[What you have to do] Having located the line with "Toulouse, St Sernin from NE", print it and each remaining line exactly, stopping at the end of the material and omitting pictures.

[Record set]

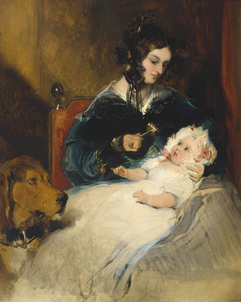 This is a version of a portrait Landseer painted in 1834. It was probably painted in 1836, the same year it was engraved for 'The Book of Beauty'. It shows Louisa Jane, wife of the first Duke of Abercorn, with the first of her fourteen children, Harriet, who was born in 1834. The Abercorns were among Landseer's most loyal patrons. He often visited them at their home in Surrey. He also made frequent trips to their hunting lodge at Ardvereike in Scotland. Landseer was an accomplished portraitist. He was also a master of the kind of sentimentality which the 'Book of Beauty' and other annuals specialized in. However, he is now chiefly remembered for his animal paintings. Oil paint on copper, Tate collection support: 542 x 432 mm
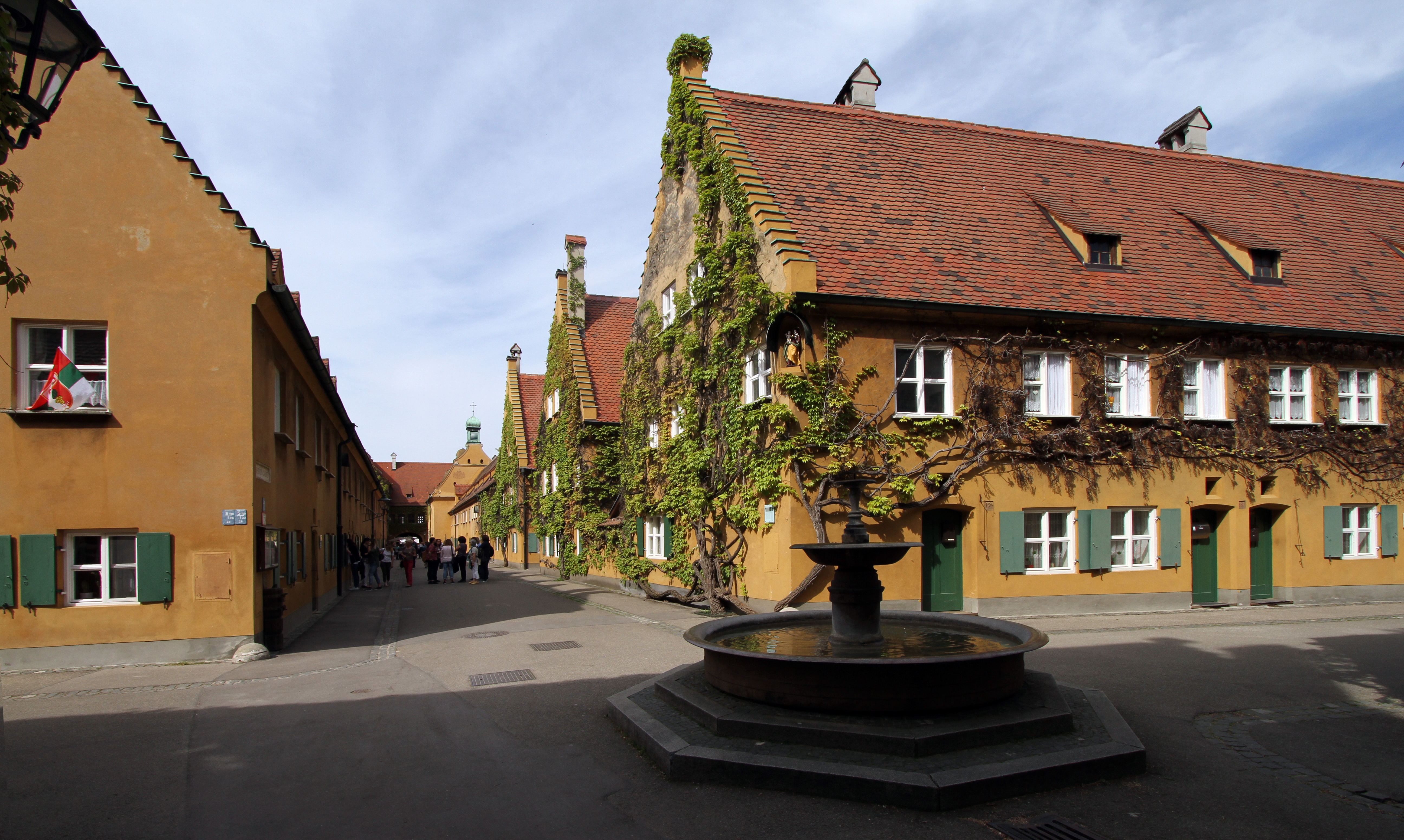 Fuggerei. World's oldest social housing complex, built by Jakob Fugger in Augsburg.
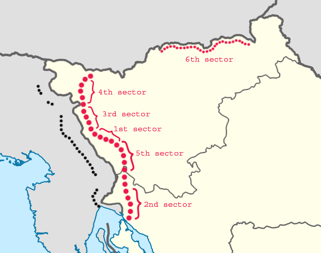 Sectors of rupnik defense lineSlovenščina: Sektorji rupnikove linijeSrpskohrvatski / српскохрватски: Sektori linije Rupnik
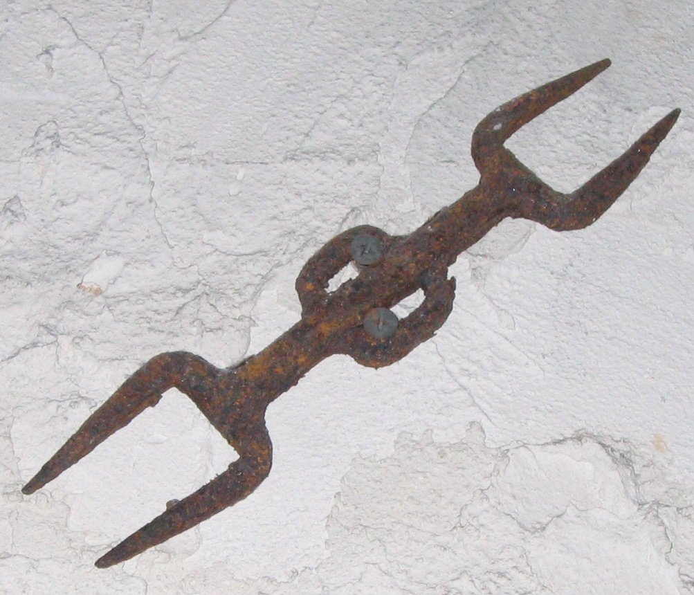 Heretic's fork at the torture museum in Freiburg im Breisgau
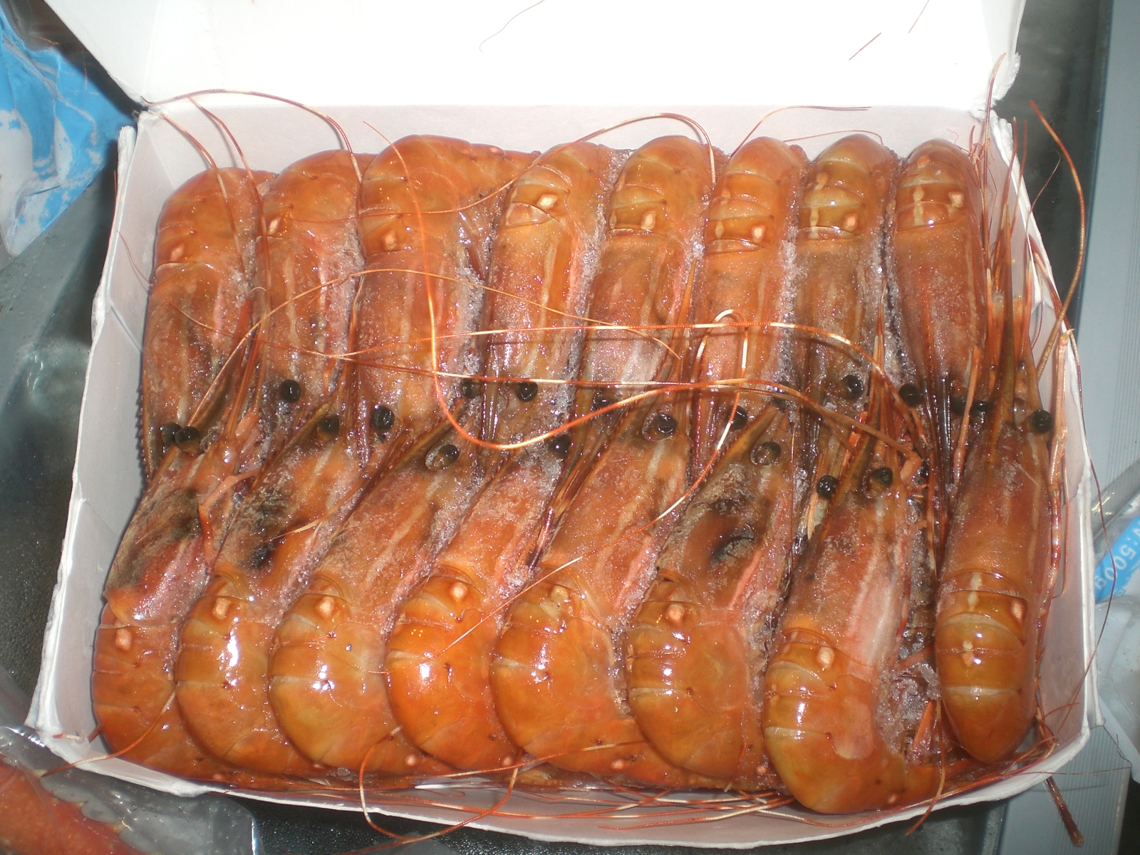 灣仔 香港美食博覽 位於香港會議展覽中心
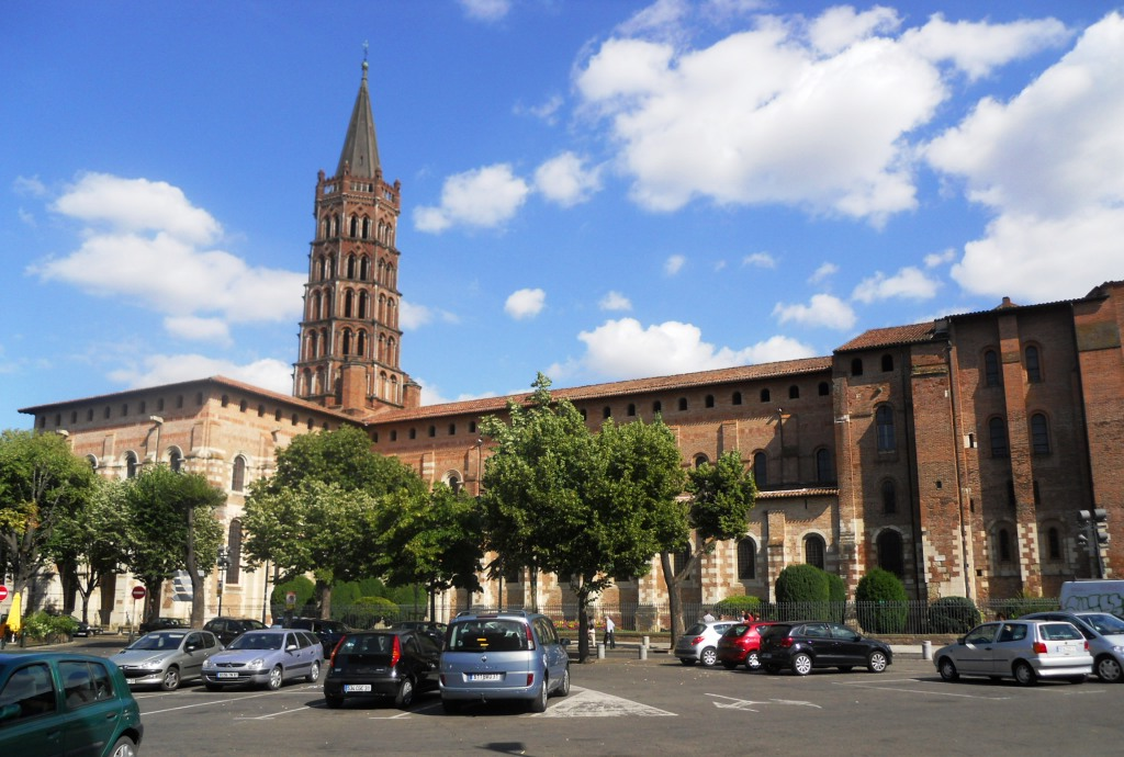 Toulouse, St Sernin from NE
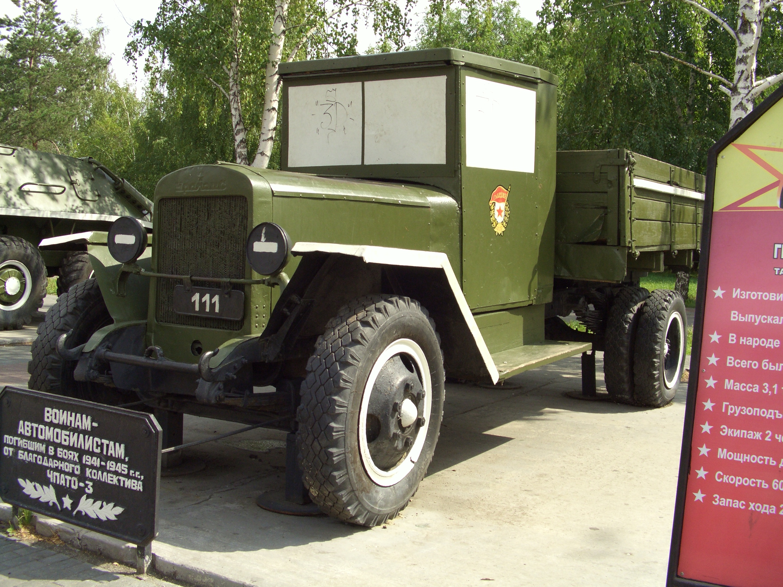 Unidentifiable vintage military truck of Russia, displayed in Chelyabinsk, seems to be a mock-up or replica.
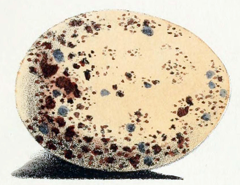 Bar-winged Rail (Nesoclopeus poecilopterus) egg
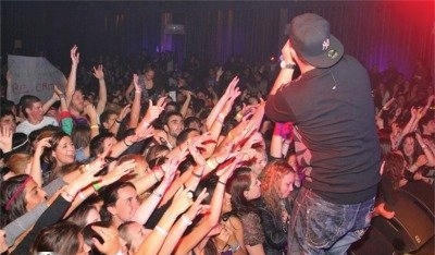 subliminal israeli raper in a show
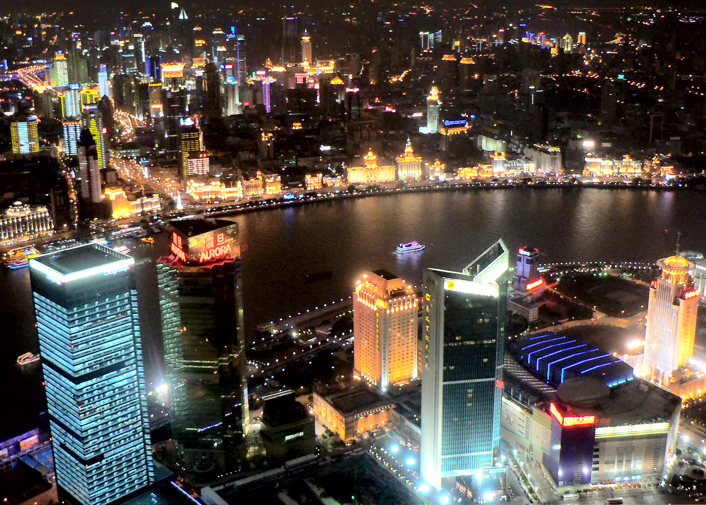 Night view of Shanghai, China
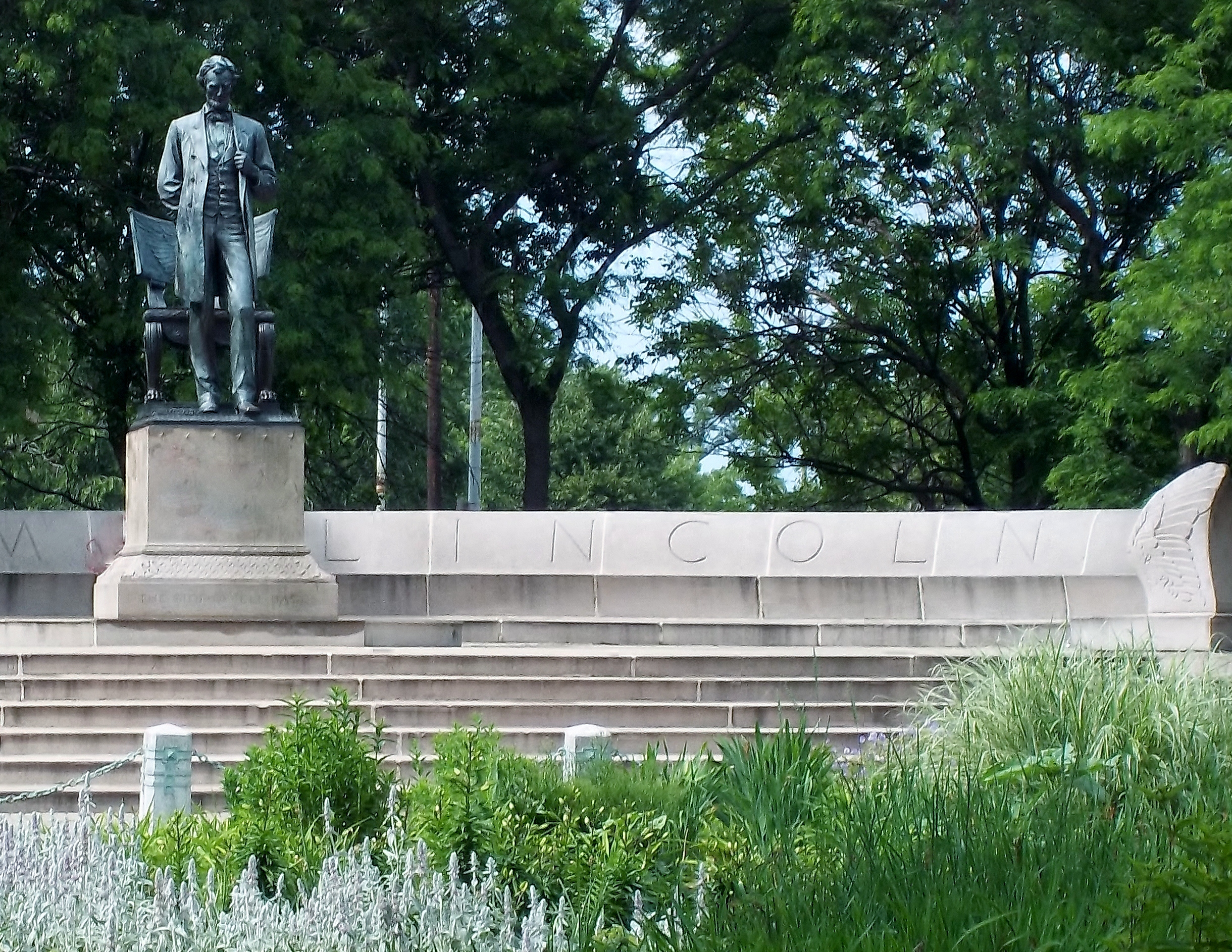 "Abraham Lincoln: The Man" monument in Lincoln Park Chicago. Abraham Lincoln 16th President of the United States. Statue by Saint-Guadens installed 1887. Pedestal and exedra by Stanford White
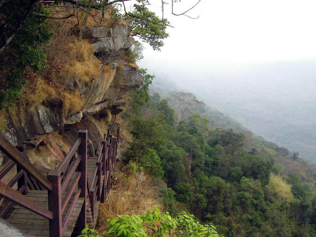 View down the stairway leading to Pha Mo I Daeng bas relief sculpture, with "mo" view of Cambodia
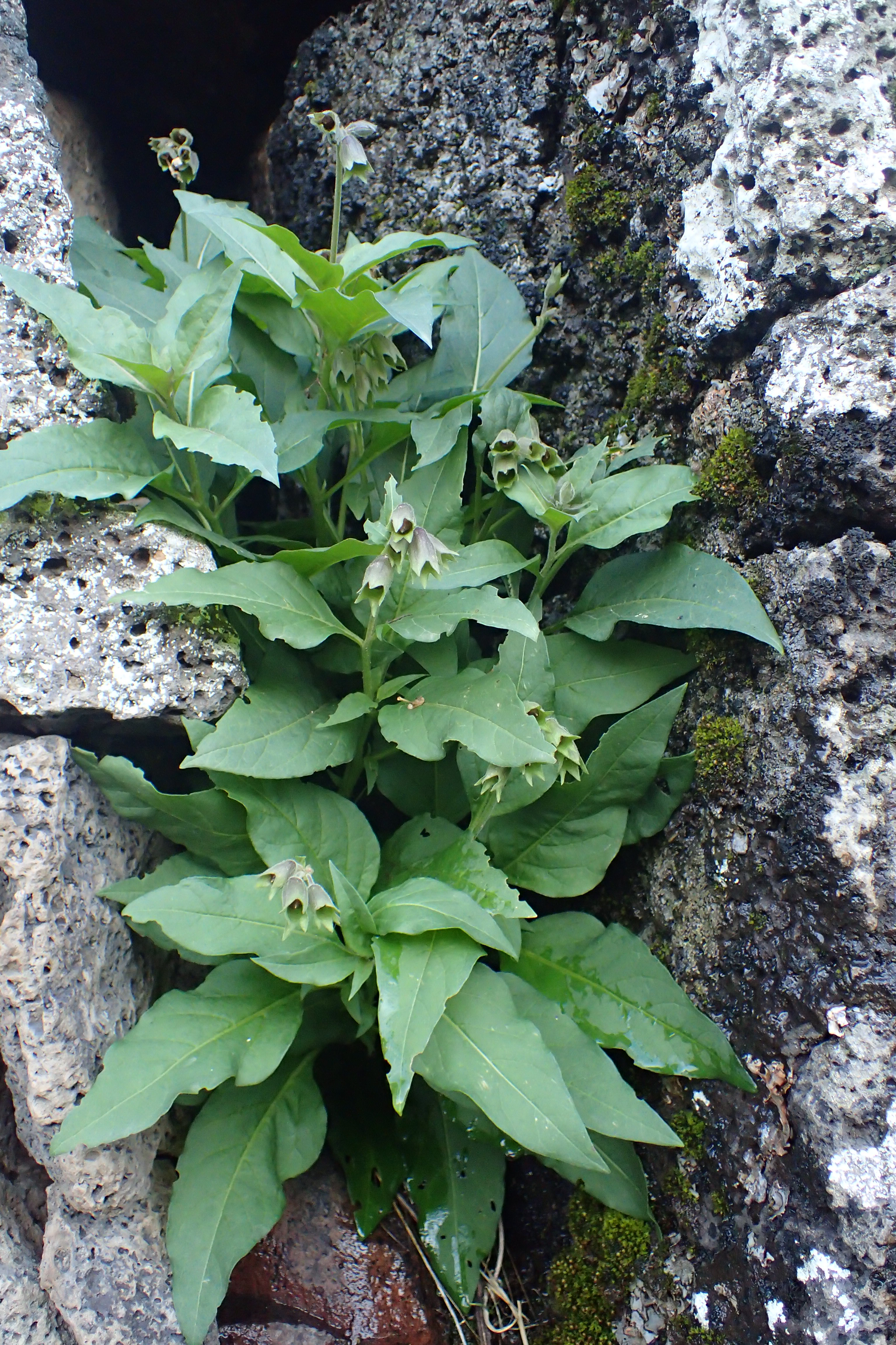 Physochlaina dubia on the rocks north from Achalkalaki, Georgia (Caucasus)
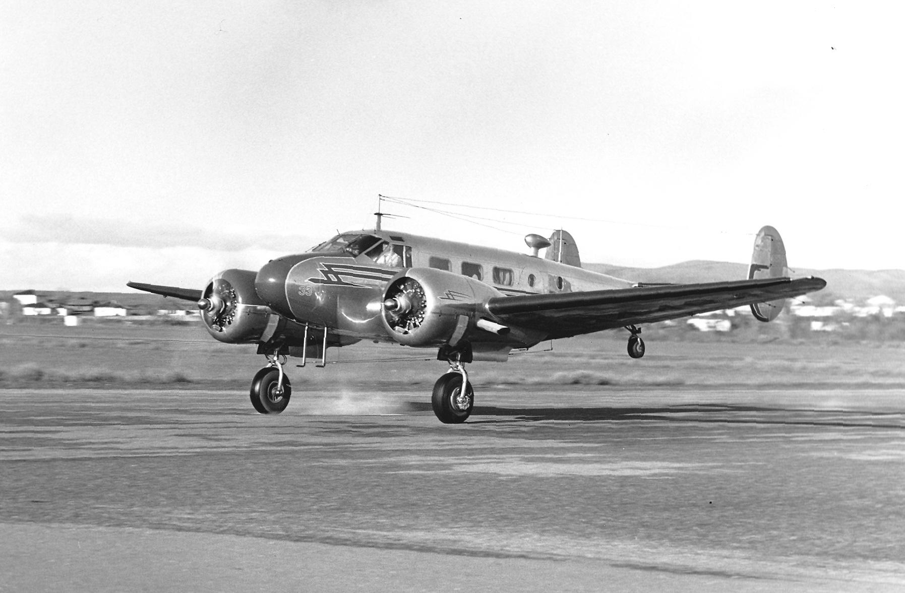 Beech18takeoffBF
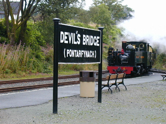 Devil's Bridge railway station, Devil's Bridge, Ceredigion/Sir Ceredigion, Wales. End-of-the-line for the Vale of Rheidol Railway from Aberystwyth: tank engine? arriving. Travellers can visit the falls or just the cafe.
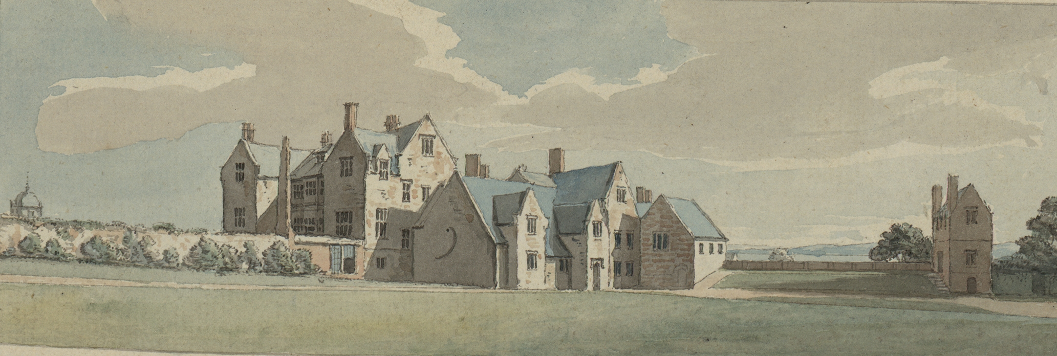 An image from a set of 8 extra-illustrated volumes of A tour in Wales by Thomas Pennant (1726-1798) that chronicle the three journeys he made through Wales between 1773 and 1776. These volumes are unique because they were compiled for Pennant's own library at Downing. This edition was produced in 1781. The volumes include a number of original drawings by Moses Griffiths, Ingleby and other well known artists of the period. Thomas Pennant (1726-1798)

[Written answer]
 Toulouse, St Sernin from NE
 Unidentifiable vintage military truck of Russia, displayed in Chelyabinsk, seems to be a mock-up or replica.
 Bar-winged Rail (Nesoclopeus poecilopterus) egg
 subliminal israeli raper in a show
 Night view of Shanghai, China
 "Abraham Lincoln: The Man" monument in Lincoln Park Chicago. Abraham Lincoln 16th President of the United States. Statue by Saint-Guadens installed 1887. Pedestal and exedra by Stanford White
 View down the stairway leading to Pha Mo I Daeng bas relief sculpture, with "mo" view of Cambodia
 Physochlaina dubia on the rocks north from Achalkalaki, Georgia (Caucasus)
 Beech18takeoffBF
 Devil's Bridge railway station, Devil's Bridge, Ceredigion/Sir Ceredigion, Wales. End-of-the-line for the Vale of Rheidol Railway from Aberystwyth: tank engine? arriving. Travellers can visit the falls or just the cafe.
 An image from a set of 8 extra-illustrated volumes of A tour in Wales by Thomas Pennant (1726-1798) that chronicle the three journeys he made through Wales between 1773 and 1776. These volumes are unique because they were compiled for Pennant's own library at Downing. This edition was produced in 1781. The volumes include a number of original drawings by Moses Griffiths, Ingleby and other well known artists of the period. Thomas Pennant (1726-1798)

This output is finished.